--- MATERIAL FOR THIS TASK ---

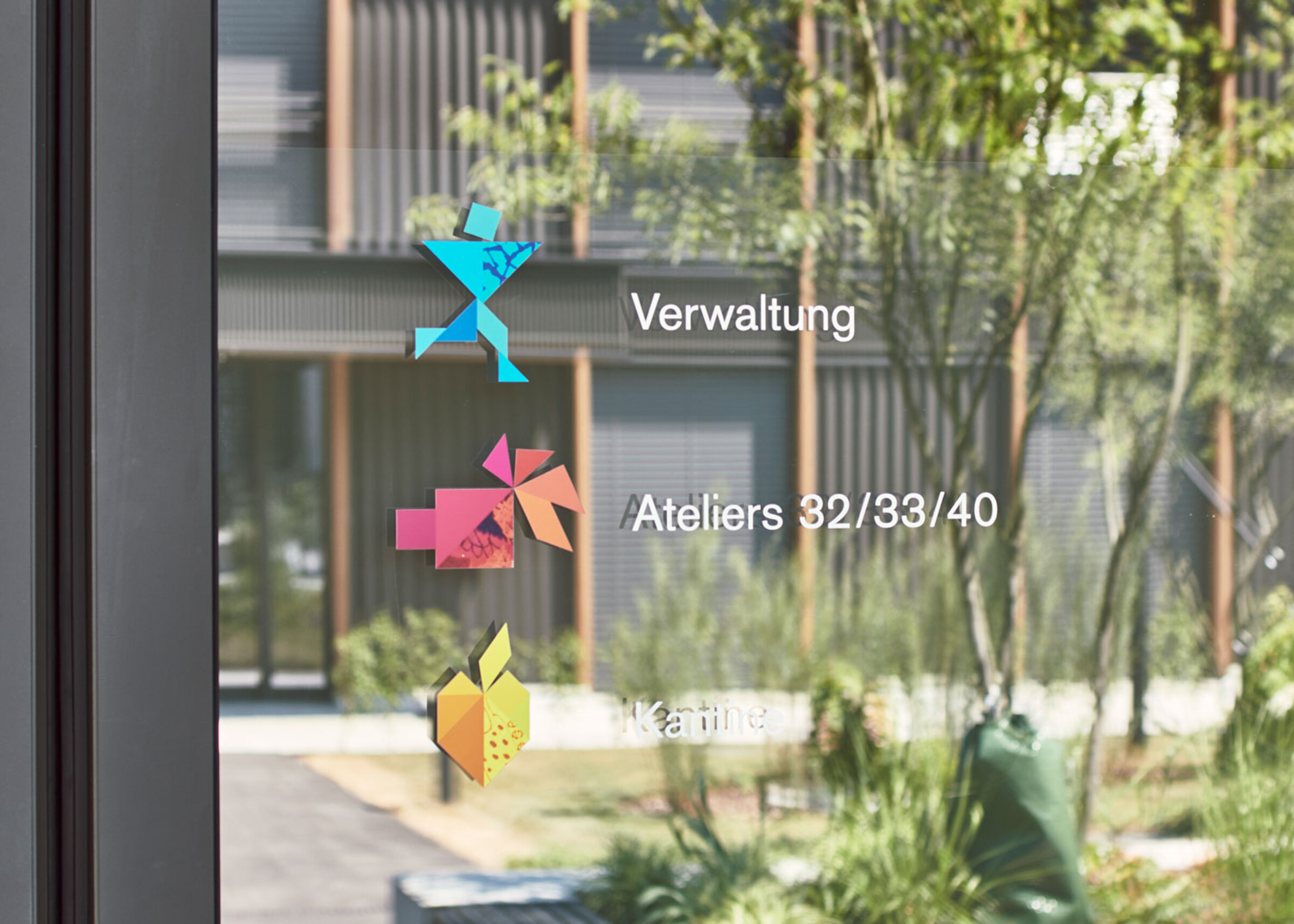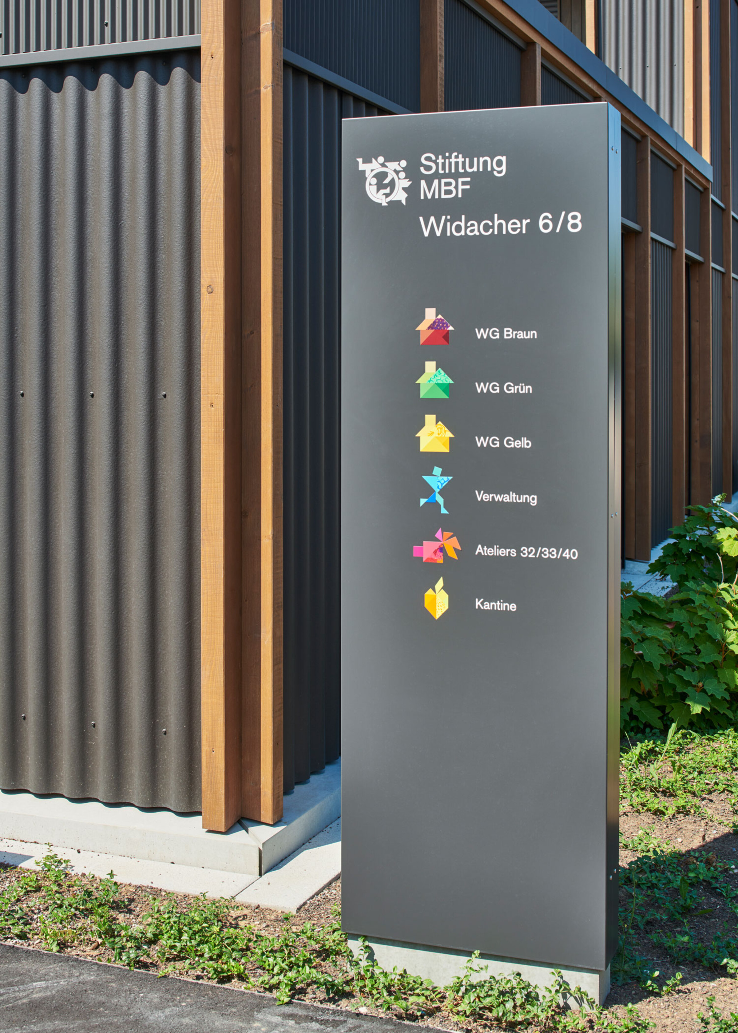 Unsere Aufgabe war es, eine modulare Signaletik für die neuen und bestehenden Gebäude der Stiftung MBF zu gestalten. Wir haben das visuelle Konzept der Stiftung aufgenommen und weiterentwickelt: Die charakteristischen Farben und Origami-Elemente finden sich nun auch in der Beschriftung wieder.
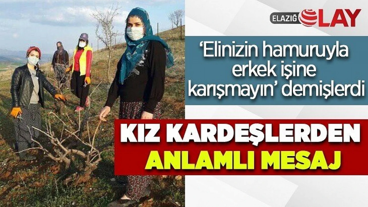 Elazığ'da Tarım Orman İl Müdürlüğünün düzenlediği kurslarda eğitim alan 3 kız kardeş, yıllar sonra koronavirüs salgını nedeniyle sokağa çıkmayan babalarının bağ ve bahçe işlerini yaptılar.
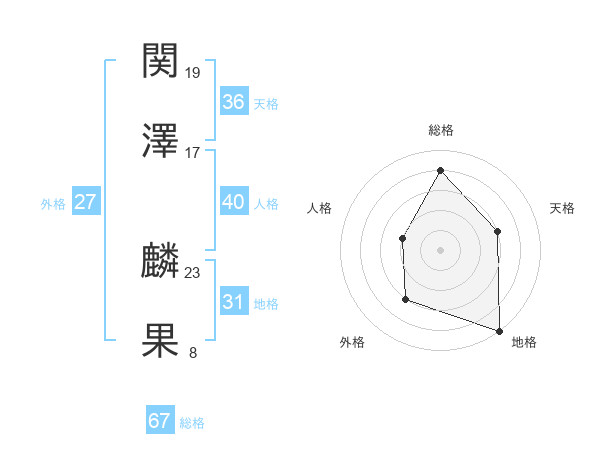 関澤 麟果さんの総格は67画の4点!
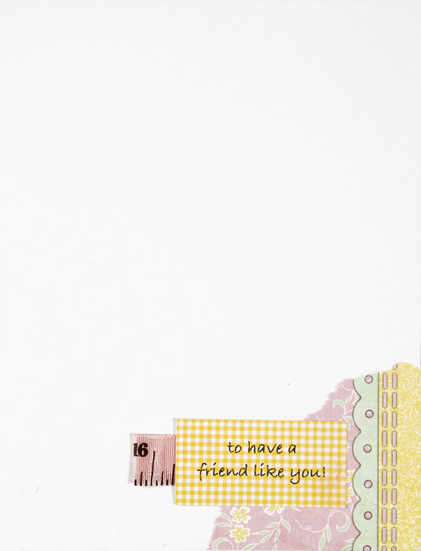 Print the inside greeting on the yellow gingham die-cut and glue a folded length of measuring tape ribbon to the left side. Glue the gingham overlapping the torn corner.
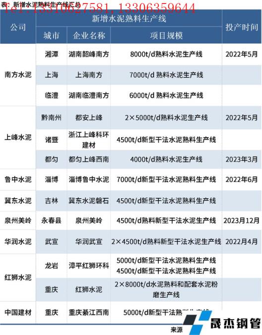 免責聲明:本網站(山東聊城晟杰無縫鋼管廠m.www-86604.com)刊載的“:5月新增11條熟料水泥生產線,紅獅產能最大”等均源于網絡,版權歸原作者所有,且僅代表原作者觀點,本文所載信息僅供參考。轉載僅為學習與交流之目的,如無意中侵犯您的合法權益,請及時聯系刪除。本網站刊登此篇文章并不意味著本站贊同其觀點或證實其內容的真實性,我們不對其科學性、嚴肅性等作任何形式的保證。如果侵犯了您的版權,請盡快聯系我們予以撤銷,謝謝合作!
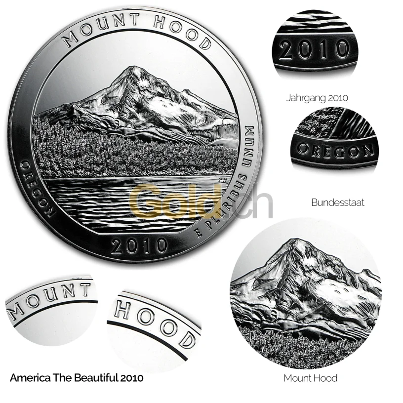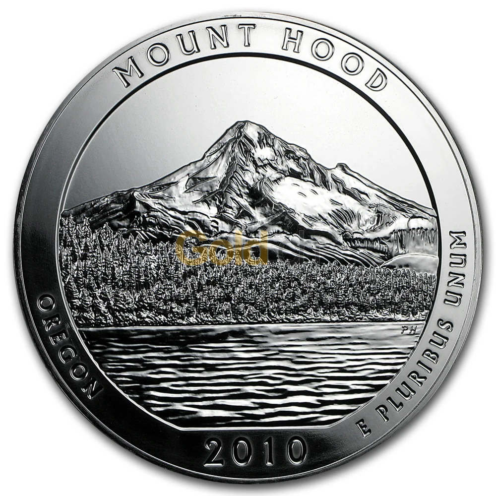 Die Silbermünze „Mount Hood“ zeigt den im Bundesstaat Oregon gelegenen gleichnamigen Berg. Vor der eindrucksvollen Gebirgsspitze im Nordwesten der USA liegt ein weiter Nadelwald. Davor ist einer der vielen Seen der Region abgebildet: der Lost Lake (dt., Verlorener See).
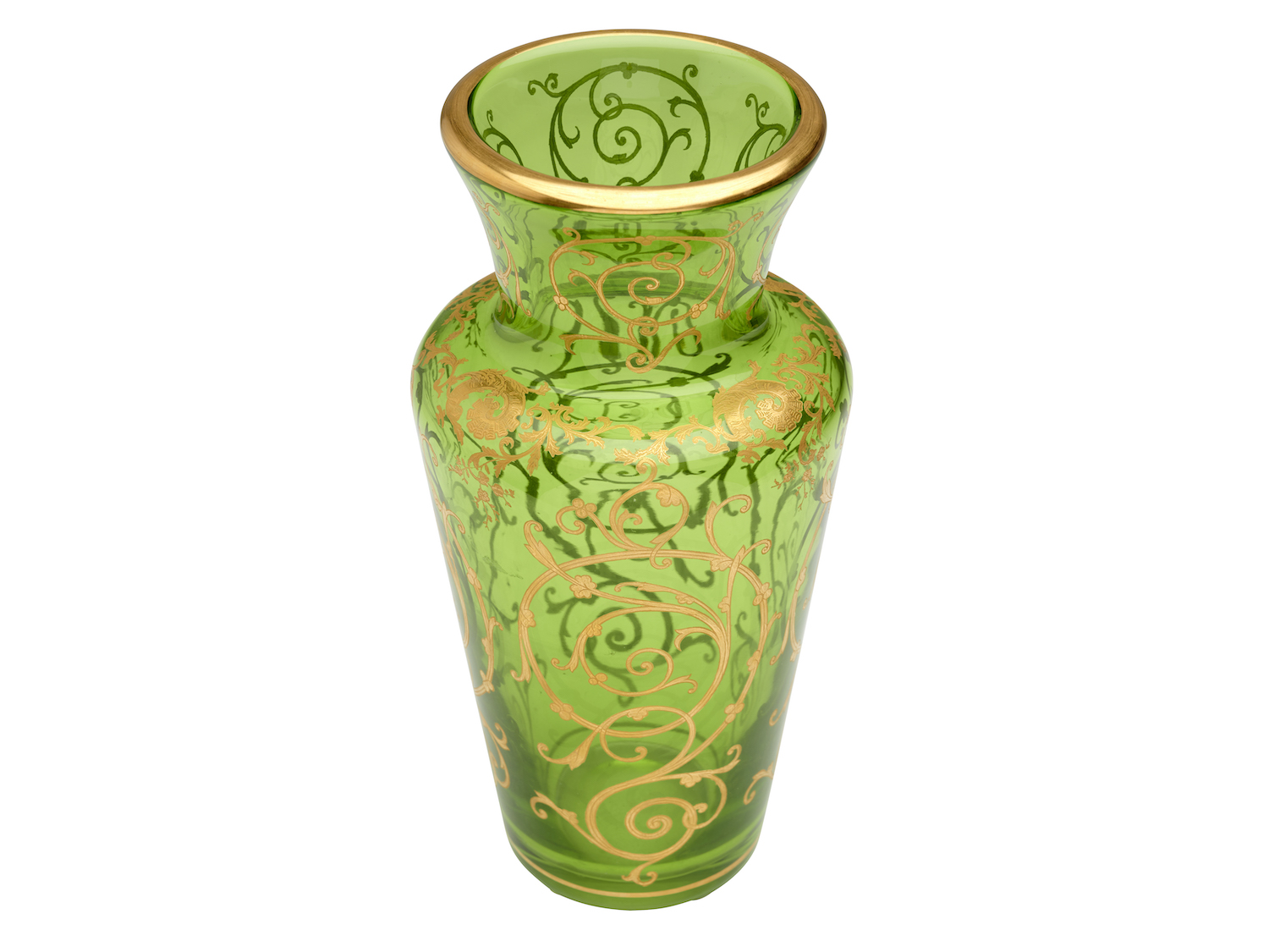 Of tapering form with a flared rim, in a thick chartreuse green crystal engraved and decorated in 24-carat gold scrollwork decoration, accompanied by original box with certificate of authenticity, marked edition number 7
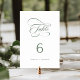 Numéro de table du mariage de calligraphie tourbillonnant romantique et élégant. Pour une personnalisation plus avancée de cette conception, cliquez sur le BOUTON OUTIL DESIGN BLEU ci-dessus !
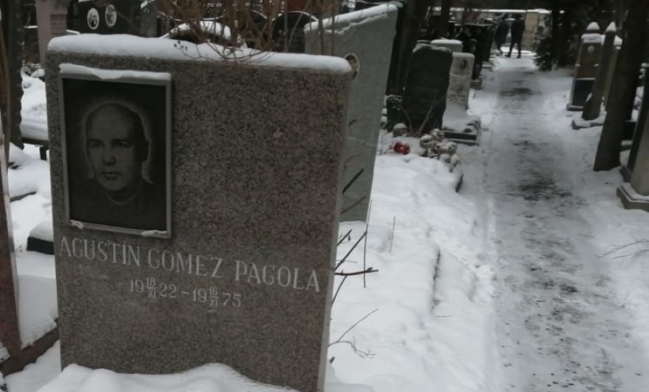 На шестой аллее четвертого участка Донского кладбища можно заметить скромный невысокий памятник из темно-серого мрамора. Рядом с портретом еще не пожилого лысоватого мужчины надпись на испанском языке — Agustin Gomez Pagola. И годы жизни 1922 — 1975. Здесь, в ставшей для него родной Москве, нашел свой покой футболист, разведчик и политик Агустин Гомес.
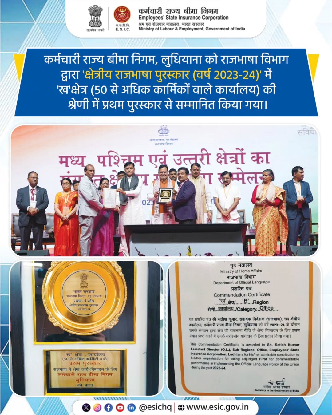 ESIC bagged “ISSA Vision Zero 2023” Award at the 23rd World Congress on Safety and Health at Work in Sydney, Australia
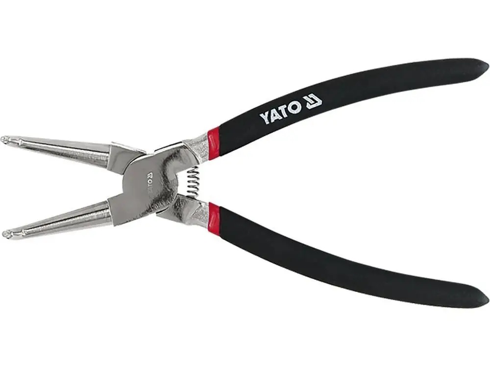 Съемник стопорных колец YATO YT-2143 - профессиональный инструмент, предназначенный для демонтажа и установки внутренних стопорных колец. Данный захват позволит значительно облегчить и ускорить работать с стопорными кольцами различного диаметра. Съемник имеет шарнирно-губцевую форму, состоящею из двух рукояток, которые вращаются на шарнире. Конструкция оснащенная шарнирным механизмом, для более плавного и прочного зажим и разводной пружиной, позволяющей облегчить развод рукоятки. Губки для захвата имеют изогнутую рабочую часть специальной формы, позволяющую обеспечить прочную фиксацию демонтажного кольца, не боясь соскальзывания или повреждения детали в процессе демонтажа или установки. Корпус съемника выполнен из прочной инструментальной стали, высокого качества, поверхность которого обработана воронением, что придаст антикоррозийную устойчивость и обеспечит длительный срок службы инструмента. Для прочности захвата рукоятки выполнены из прорезиненного пропилена. Данный тип инструмента нашел свое применение в машиностроении, автомастерских и СТО.

---

» **WHAT IS NEEDED**:
Retype the data above verbatim, minus images.

» **SOLVED EXERCISE**:
 Unsere Aufgabe war es, eine modulare Signaletik für die neuen und bestehenden Gebäude der Stiftung MBF zu gestalten. Wir haben das visuelle Konzept der Stiftung aufgenommen und weiterentwickelt: Die charakteristischen Farben und Origami-Elemente finden sich nun auch in der Beschriftung wieder.
 Elazığ'da Tarım Orman İl Müdürlüğünün düzenlediği kurslarda eğitim alan 3 kız kardeş, yıllar sonra koronavirüs salgını nedeniyle sokağa çıkmayan babalarının bağ ve bahçe işlerini yaptılar.
 関澤 麟果さんの総格は67画の4点!
 Print the inside greeting on the yellow gingham die-cut and glue a folded length of measuring tape ribbon to the left side. Glue the gingham overlapping the torn corner.
 免責聲明:本網站(山東聊城晟杰無縫鋼管廠m.www-86604.com)刊載的“:5月新增11條熟料水泥生產線,紅獅產能最大”等均源于網絡,版權歸原作者所有,且僅代表原作者觀點,本文所載信息僅供參考。轉載僅為學習與交流之目的,如無意中侵犯您的合法權益,請及時聯系刪除。本網站刊登此篇文章并不意味著本站贊同其觀點或證實其內容的真實性,我們不對其科學性、嚴肅性等作任何形式的保證。如果侵犯了您的版權,請盡快聯系我們予以撤銷,謝謝合作!
 Die Silbermünze „Mount Hood“ zeigt den im Bundesstaat Oregon gelegenen gleichnamigen Berg. Vor der eindrucksvollen Gebirgsspitze im Nordwesten der USA liegt ein weiter Nadelwald. Davor ist einer der vielen Seen der Region abgebildet: der Lost Lake (dt., Verlorener See).
 Of tapering form with a flared rim, in a thick chartreuse green crystal engraved and decorated in 24-carat gold scrollwork decoration, accompanied by original box with certificate of authenticity, marked edition number 7
 Numéro de table du mariage de calligraphie tourbillonnant romantique et élégant. Pour une personnalisation plus avancée de cette conception, cliquez sur le BOUTON OUTIL DESIGN BLEU ci-dessus !
 На шестой аллее четвертого участка Донского кладбища можно заметить скромный невысокий памятник из темно-серого мрамора. Рядом с портретом еще не пожилого лысоватого мужчины надпись на испанском языке — Agustin Gomez Pagola. И годы жизни 1922 — 1975. Здесь, в ставшей для него родной Москве, нашел свой покой футболист, разведчик и политик Агустин Гомес.
 ESIC bagged “ISSA Vision Zero 2023” Award at the 23rd World Congress on Safety and Health at Work in Sydney, Australia
 Съемник стопорных колец YATO YT-2143 - профессиональный инструмент, предназначенный для демонтажа и установки внутренних стопорных колец. Данный захват позволит значительно облегчить и ускорить работать с стопорными кольцами различного диаметра. Съемник имеет шарнирно-губцевую форму, состоящею из двух рукояток, которые вращаются на шарнире. Конструкция оснащенная шарнирным механизмом, для более плавного и прочного зажим и разводной пружиной, позволяющей облегчить развод рукоятки. Губки для захвата имеют изогнутую рабочую часть специальной формы, позволяющую обеспечить прочную фиксацию демонтажного кольца, не боясь соскальзывания или повреждения детали в процессе демонтажа или установки. Корпус съемника выполнен из прочной инструментальной стали, высокого качества, поверхность которого обработана воронением, что придаст антикоррозийную устойчивость и обеспечит длительный срок службы инструмента. Для прочности захвата рукоятки выполнены из прорезиненного пропилена. Данный тип инструмента нашел свое применение в машиностроении, автомастерских и СТО.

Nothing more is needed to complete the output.